The lawsuit further alleges that the law’s key terms, including “historical discrimination,” are unconstitutionally vague, and that its Equal Protection carveout for AI used to “increase diversity or redress historical discrimination” enforces a race-based double standard without compelling justification.
xAI also challenges the law’s extraterritorial reach, arguing that because CPAI applies any time a Colorado resident is affected by an AI system, regardless of where that interaction takes place, it unconstitutionally regulates transactions that are occurring entirely outside the state. The Constitution’s Dormant Commerce Clause prohibits states from regulating commerce that occurs outside their borders, and xAI argues Colorado violates this clause because CPAI effectively governs AI transactions happening outside the state merely by virtue of a Colorado resident being involved.
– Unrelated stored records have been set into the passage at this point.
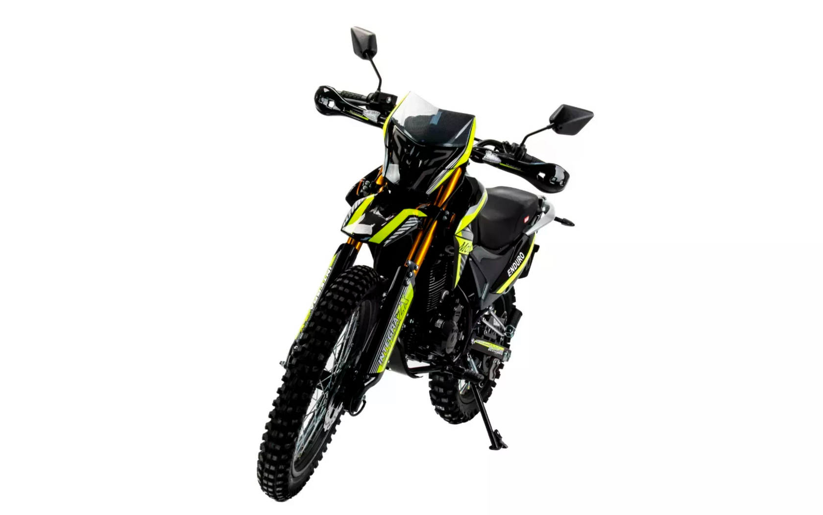 Мотоцикл Motoland ENDURO ST 250 (165FMM) NEON (2023г.) - позиционируется как самый недорогой полноразмерный мотоцикл двойного назначения – для асфальта и легкого бездорожья. Наличие ПТС дает возможность легально передвигаться по городским улицам и дорогам общего пользования, внедорожные качества позволяет без особых усилий преодолевать бездорожье.Мотоцикл маневренный и потрясающе удобный в городе, из за своей узкой и высокой формы, способный пролезть даже в минимальные зазоры между стоящими в пробке автомобилями.Максимальную скорость – 120 км/ч которой для города и неспешных прогулок за его пределы вполне достаточно.Мягко сидение для 2-х пассажиров и подножки пассажира для удобных совместных поездок.Тихий городской глушитель, который не доставит вам дискомфорта.Оборудован обновленной светодиодной линзованной фарой, светодиодными поворотниками и стоп сигналом, блокировкой замка зажигания.Скромный расход топлива, который почти не зависит от того, с какой скоростью едет мотоцикл и на каких оборотах работает двигатель, в среднем это 3,2-3,5 л на 100 км.При этом он прост в управлении и неприхотлив в обслуживании и подходит мотолюбителям любого возраста,и опыта вождения которым нужна техника для поездок из точки А в точку Б и обратно по дорогам и легкому бездорожью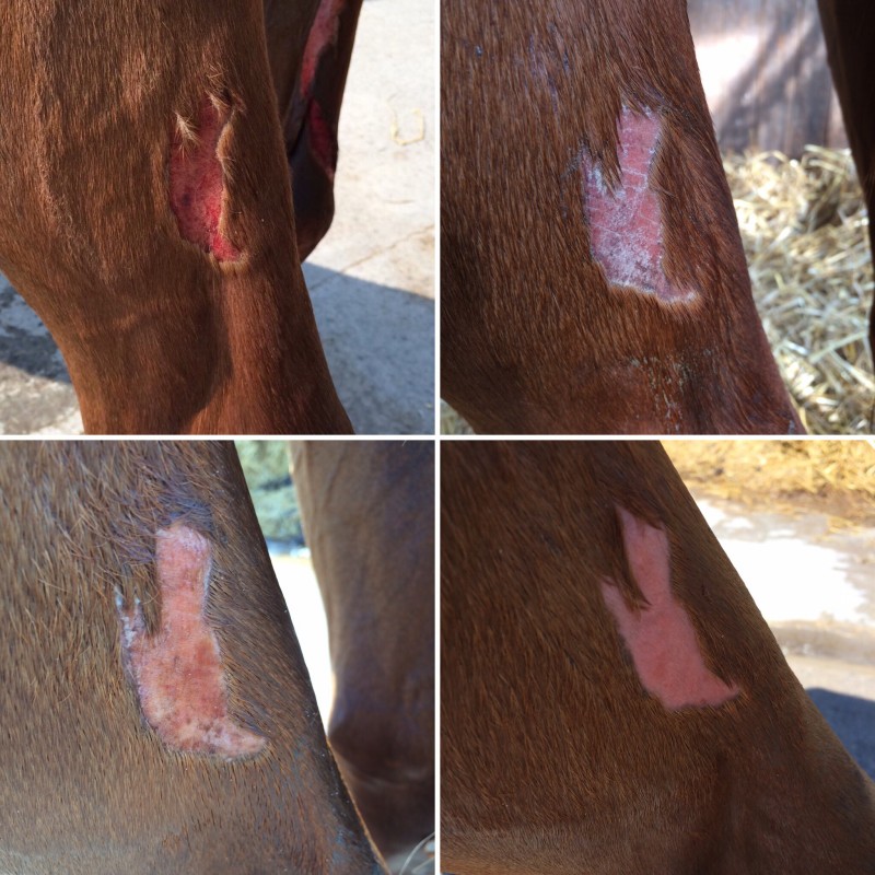 Du coup j'ai une question vu que tu deviens une pro des blessures (bon ok c'est pas très drôle ...), le poulain à la maison à plein de cicatrices (donc peau déjà réformée dessus la blessure) comme amor, et les mouches n'arrêtent pas de sagglutiner dessus, pourtant y a pas de sang la croûte est déjà réformée ...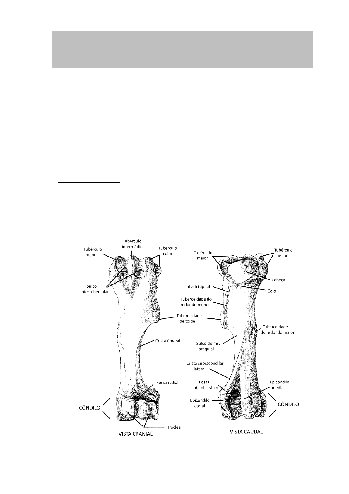 1 A.OBJECTIVOS DA PRÁTICA -Estudar a conformação dos acidentes ósseos do úmero nas distintas espécies domésticas, considerando o seu significado funcional. B.MATERIAL ANATÓMICO -Úmeros de diferentes espécies domésticas. C.DESENVOLVIMENTO DA PRÁTICA ESQUELETO DO BRAÇO O esqueleto do braço está constituído por um único osso, o úmero. ÚMERO É um osso longo típico que apresenta duas extremidades articulares (epífises) e uma parte central ou corpo. Figura 3.1- Úmero esquerdo de cavalo. PRÁTICA 3- OSTEOLOGIA: ESQUELETO DO BRAÇO: ÚMERO Práticas de Embriologia e Anatomia I 2 Cabeça do úmero Superfície semi-esférica que se articula com a cavidade glenóide da escápula. É de localização caudal. Colo do úmero É o estreitamento localizado entre a cabeça e o corpo. Tubérculo maior Trata-se de um relevo lateral que apresenta as porções cranial e caudal. Nele se inserem os ms. supraespinhoso e infraespinhoso. Tubérculo menor É medial e apresenta também porção cranial e caudal. Recebe a inserção dos ms. supraespinhoso e subescapular. Sulco intertubercular Encontra-se entre o tubérculo maior e o tubérculo menor. Serve de superfície de deslizamento do tendão de origem do ms. bíceps braquial. No cavalo apresenta um tubérculo intermédio. Rugosidade para o ms. infraespinhoso Localizada lateralmente para a inserção do m. infraespinhoso. Tuberosidade do redondo menor É uma pequena saliência para a inserção deste músculo, localizado lateralmente, nas proximidades da linha tricipital. Linha tricipital Estende-se desde a cabeça até à tuberosidade deltóide. Dá origem à cabeça lateral do ms. tríceps. Corpo do úmero É cilíndrico e apresenta as faces lateral, medial, cranial e caudal. -Tuberosidade deltóide: localizada na face lateral. Inserção do m. deltóide. -Tuberosidade do redondo maior: localizada na face medial. Inserção do ms. redondo maior e grande dorsal. -Crista umeral: desce desde a tuberosidade deltóide até à extremidade distal. Inserção do m. braquiocefálico, e dos ms. peitorais descendentes e transverso. -Sulco do ms. braquial: superfície de trajecto oblíquo que, desde o colo do úmero percorre as faces caudal, lateral e cranial do corpo umeral. Marca o trajecto do m. braquial. Côndilo do úmero É o extremo distal do úmero. Apresenta os seguintes detalhes anatómicos. -Tróclea do úmero: superfície semicilíndrica do côndilo para articular-se com a ulna e rádio. -Fossa do olecrânio: profunda depressão na face caudal do côndilo para articular-se com o processo ancóneo da ulna. Práticas de Embriologia e Anatomia I 3 -Fossa radial: localiza-se cranialmente sobre a tróclea, para alojar a cabeça do rádio quando o cotovelo está flectido. Epicondilo lateral Localiza-se lateralmente ao côndilo. Proximalmente a ele discorre a crista supracondilar lateral. É ponto de origem dos ms. extensores do carpo e dedos. Epicondilo medial Localizado medialmente ao côndilo. Dá origem aos ms. flexores do carpo e dedos. ANATOMIA COMPARADA DO ÚMERO CAVALO -Destaca-se a presença do tubérculo intermédio entre os tubérculos maior e menor, pelo que o sulco intertubercular é duplo. -A tuberosidade deltóide é muito pronunciada. Figura 3.2- Úmero de vaca, cão e gato RUMINANTES -O tubérculo maior alcança um grande desenvolvimento, com a sua parte cranial muito alta, pontiaguda e encurvada sobre o sulco intertubercular. -A rugosidade do m. infraespinhoso é marcada e circular. Práticas de Embriologia e Anatomia I 4 CARNÍVOROS - O tubérculo maior e o tubérculo menor são pequenos e indivisos; - A tuberosidade deltóide está pouco marcada; - O côndilo apresenta além da tróclea, um capitulum localizado lateralmente; - Orifício supratroclear: presente no cão comunicando as fossas radial e do olecrânio; - Orifício supracondilar: presente no epicôndilo medial do gato.

The CPAI law goes into effect on June 30. The law defines high-risk systems as any AI system that, “when deployed, makes, or is a substantial factor in making, a consequential decision.” Developers must make extensive public disclosures about how their systems are evaluated and what steps are taken to mitigate bias, and must notify the state attorney general within 90 days of discovering that a system has caused or is reasonably likely to have caused “algorithmic discrimination.” Violations are treated as unfair trade practices under Colorado’s Consumer Protection Act, carrying a civil penalty of $20,000 per violation, with the AG holding exclusive enforcement authority.
The complaint emphasizes that AG Weiser himself has previously called the law “really problematic.” According to media reports, the Colorado AG’s Office has declined to comment on the lawsuit.
This marks the newest litigation in the emerging landscape of AI. In January, Google and Character.AI agreed to settle a lawsuit linked to a teenager’s 2024 suicide. Last September, Anthropic agreed to a $1.5 billion settlement involving a class-action lawsuit over pirated materials used to train its models.